NASCAR O'Reilly Auto Parts Series career
- 7 races run over 5 years
- Best finish: 68th (2002)
- First race: 1996 Kroger 200 (IRP)
- Last race: 2002 Sam's Town 300 (Las Vegas)
| Wins | Top tens | Poles |
| 0 | 1 | 0 |

NASCAR Craftsman Truck Series career
- 121 races run over 8 years
- Best finish: 3rd (2000)
- First race: 1997 Cummins 200 (IRP)
- Last race: 2005 O'Reilly 200 presented by Valvoline Maxlife (Bristol)
- First win: 1998 Pennzoil/VIP Discount Tripleheader (Loudon)
- Last win: 2000 LINE-X 225 (Portland)
| Wins | Top tens | Poles |
| 3 | 51 | 4 |

= Andy Houston =

American racing driver (born 1970)

Andrew Houston (born November 7, 1970) is an American stock car racing spotter and former driver. He is a veteran of the NASCAR Craftsman Truck Series, scoring three wins.

Houston is the son of legendary Busch driver Tommy Houston and the youngest of three brothers, one of them being part-time NASCAR driver Marty Houston and the other being the oldest of the three, Scott Houston. He is also the cousin of former team owner Teresa Earnhardt. Houston has also raced in the Winston Cup Series and the Busch Series. Houston is married to wife Lorie and has two children, Collin (born in 1997) and Clark (born in 2001).

==Early racing career==
Houston won Hickory Motor Speedway's Late Model Championship in 1994, and, in 1996, he won the Goody's Dash Series Most Popular Driver Award.

==NASCAR career==

===Cup Series===
2000 marked Houston's first start in the Winston Cup Series as he competed in five races to prepare for his 2001 rookie campaign with PPI Motorsports. Out of the five races his best finish would come at Lowe's Motor Speedway, a 26th.

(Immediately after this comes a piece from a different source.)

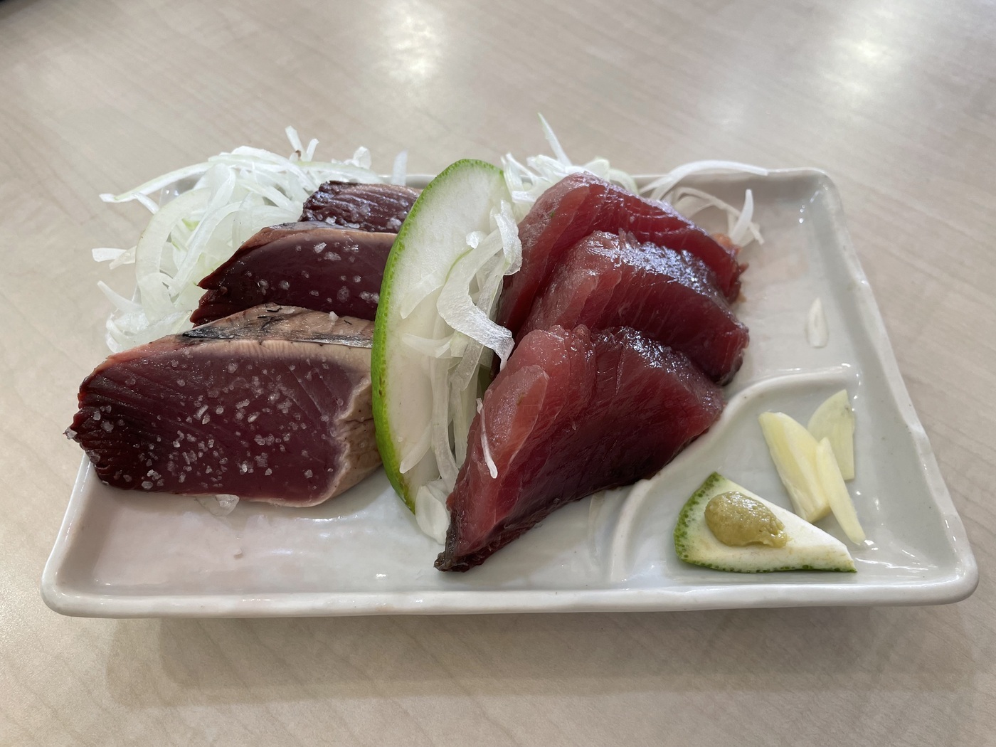 佐賀漁港で揚がったカツオを地元のおばちゃん達が豪快な藁焼きにしてくれるお店。
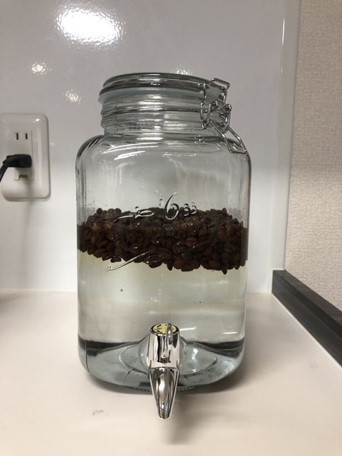 珈琲豆を焼酎に漬け込みます。

Houston began the year 2001 well with a ninth place qualifying effort at the Daytona 500 in the No. 96 McDonald's Ford. It would be one of the highlights of the year, as Houston ended the year with no top-tens and a best finish of seventeenth at Martinsville; Houston only managed to qualify for seventeen races and his team folded after McDonald's pulled its sponsorship late in the season. He has not returned to the Cup Series since.

===Busch Series===
Houston made his Busch Series debut in 1996 driving the No. 0 Suburban Propane Ford at Indianapolis Raceway Park. He would start the race in the 21st position and finish in the 24th position, five laps down. He returned to the series in 1998 to make another start this time at Hickory Motor Speedway in the No. 50 Dr Pepper Ford. He would start the race in seventh and finish twentieth. In 2000, Houston made one start for Team SABCO and brought the No. 82 Channellock Chevrolet home in the 36th position at the Milwaukee Mile. For the 2002 season, Houston was supposed to run the whole season with the Herzog-Jackson Motorsports team, but was released and replaced by Todd Bodine after Las Vegas Due to "performance issues". His best finish with the team was a ninth at Daytona.

===Truck Series===
In 1997, Houston made his first Craftsman Truck Series start with Addington Racing. He would compete in four races for the team with a best finish of 11th at Martinsville. For the 1998 season, he returned to Addington Racing and ran full-time in the Truck Series. Houston would have a solid year winning his first race at New Hampshire International Speedway and posting nine top-tens, while finishing 12th in points. Houston again returned to Addington Racing for the 1999 season and he scored fourteen top-tens with an eighth-place finish in points. 2000 was a breakout year for Houston, as he won two races at Homestead and Portland, had thirteen top-fives, and eighteen top-tens, finishing third in points to Roush Racing teammates Greg Biffle and Kurt Busch. He returned to the series in 2002 with Melling Racing where he ran one race at South Boston Speedway. After that Billy Ballew Motorsports hired him to run the remainder of 2002. He would post a best finish of twelfth at California out of the five races he competed in. In 2003, Houston was still running races for Billy Ballew and Nelly when Vokal became his primary sponsor, until Billy ran out of money to run two trucks. Ballew kept Rich Bickle, leaving Houston without a ride. Later that year, Ultra Motorsports gave him a truck ride and he did very well, finishing no worse than tenth and earned a pole at Texas Motor Speedway. For the 2004 season, he continued driving for Ultra Motorsports until he was released after the race at Bristol. Andy's best finish with the team that year was a seventh at Dover. For the remainder of 2004 with the exception of Richmond, Houston raced with multiple teams, but with limited success. In 2005, he only ran one race with Key Motorsports at Bristol Motor Speedway, finishing 33rd after a crash in his final NASCAR race.

==Post-racing career==

Following his racing career, Houston worked as a spotter for other drivers; he worked with Richard Childress Racing, spotting for Austin Dillon in the Nationwide Series in the early 2010s, moving up with Dillon to the Sprint Cup Series in 2014. He left Dillon's team after the 2019 season. He announced in November 2019 on Twitter that he would spot for Cole Custer for the 2020 season in Custer's rookie campaign. He also spotted for Ryan Preece in 2023. He spotted for Noah Gragson in 2024 and Cole Custer in 2025 and 2026.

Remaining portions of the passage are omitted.